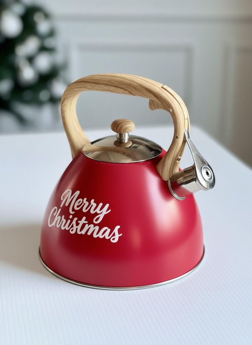 Festive red tea kettle with 'Merry Christmas' text. Features a wooden handle and stainless steel spout. Celebrate the season with this beautiful holiday tea kettle from Well Equipped Kitchen. Finished in festive red with “Merry Christmas” lettering, this kettle features a natural wood handle and matching lid knob for a warm, classic look. Details & Features • Brand: Well Equipped Kitchen • Capacity: 2.7 QT (approx. 2.6 L per tag) • Material: Stainless steel • Color: Red with white “Merry Christmas” text • Handle: Smooth solid wood handle (closed style) • Spout: Whistling spout with flip lever • Stovetop Compatibility: ✔ Gas ✔ Electric ✔ Ceramic ✔ Induction compatible • Care: Hand wash recommended Condition • New with original tag attached • No dents, cracks, or damage noted • Please review all photos for exact condition and details Approximate Measurements (shown in photos) • Height: ~11 in • Diameter: ~8 in Perfect For • Christmas & holiday kitchen décor • Seasonal entertaining • A charming and practical holiday gift This kettle is both functional and decorative—a cozy statement piece for winter and holiday kitchens. Ships carefully packaged.
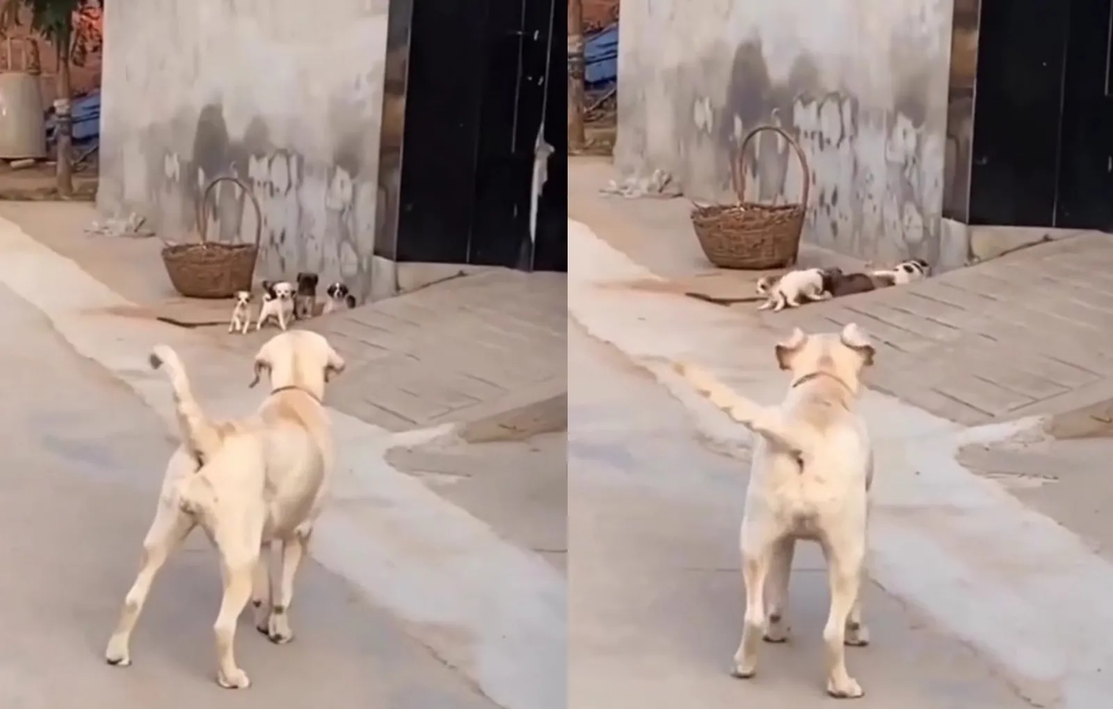 Когда хвостатый папа грозно и громко гавкнул, озорные малыши сразу же забыли, что планировали натворить, и побежали домой со всех лап. И это выглядело невероятно забавно и мило.
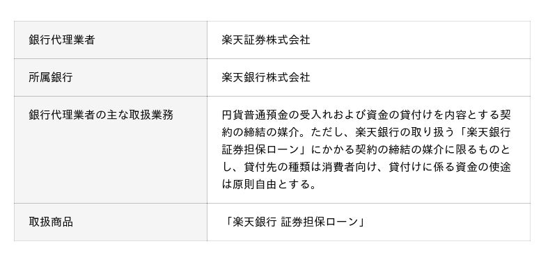 「楽天銀行 証券担保ローン」商品概要説明書についてはこちらをご覧ください。
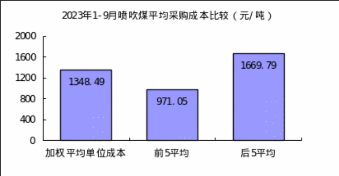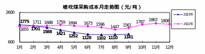 噴吹煤9月份加權平均折算成干基的采購成本為1141.31元/噸,環比升高31.56元/噸,升幅為2.84%。1—9月累計平均折算成干基的采購成本為1348.49元/噸,同比下降279.62元/噸,降幅為17.17%。

──────

**Work item:** Your task is to set down each line above verbatim while excluding the pictures.

**Your solution:**
 Festive red tea kettle with 'Merry Christmas' text. Features a wooden handle and stainless steel spout. Celebrate the season with this beautiful holiday tea kettle from Well Equipped Kitchen. Finished in festive red with “Merry Christmas” lettering, this kettle features a natural wood handle and matching lid knob for a warm, classic look. Details & Features • Brand: Well Equipped Kitchen • Capacity: 2.7 QT (approx. 2.6 L per tag) • Material: Stainless steel • Color: Red with white “Merry Christmas” text • Handle: Smooth solid wood handle (closed style) • Spout: Whistling spout with flip lever • Stovetop Compatibility: ✔ Gas ✔ Electric ✔ Ceramic ✔ Induction compatible • Care: Hand wash recommended Condition • New with original tag attached • No dents, cracks, or damage noted • Please review all photos for exact condition and details Approximate Measurements (shown in photos) • Height: ~11 in • Diameter: ~8 in Perfect For • Christmas & holiday kitchen décor • Seasonal entertaining • A charming and practical holiday gift This kettle is both functional and decorative—a cozy statement piece for winter and holiday kitchens. Ships carefully packaged.
 Когда хвостатый папа грозно и громко гавкнул, озорные малыши сразу же забыли, что планировали натворить, и побежали домой со всех лап. И это выглядело невероятно забавно и мило.
 「楽天銀行 証券担保ローン」商品概要説明書についてはこちらをご覧ください。
 噴吹煤9月份加權平均折算成干基的采購成本為1141.31元/噸,環比升高31.56元/噸,升幅為2.84%。1—9月累計平均折算成干基的采購成本為1348.49元/噸,同比下降279.62元/噸,降幅為17.17%。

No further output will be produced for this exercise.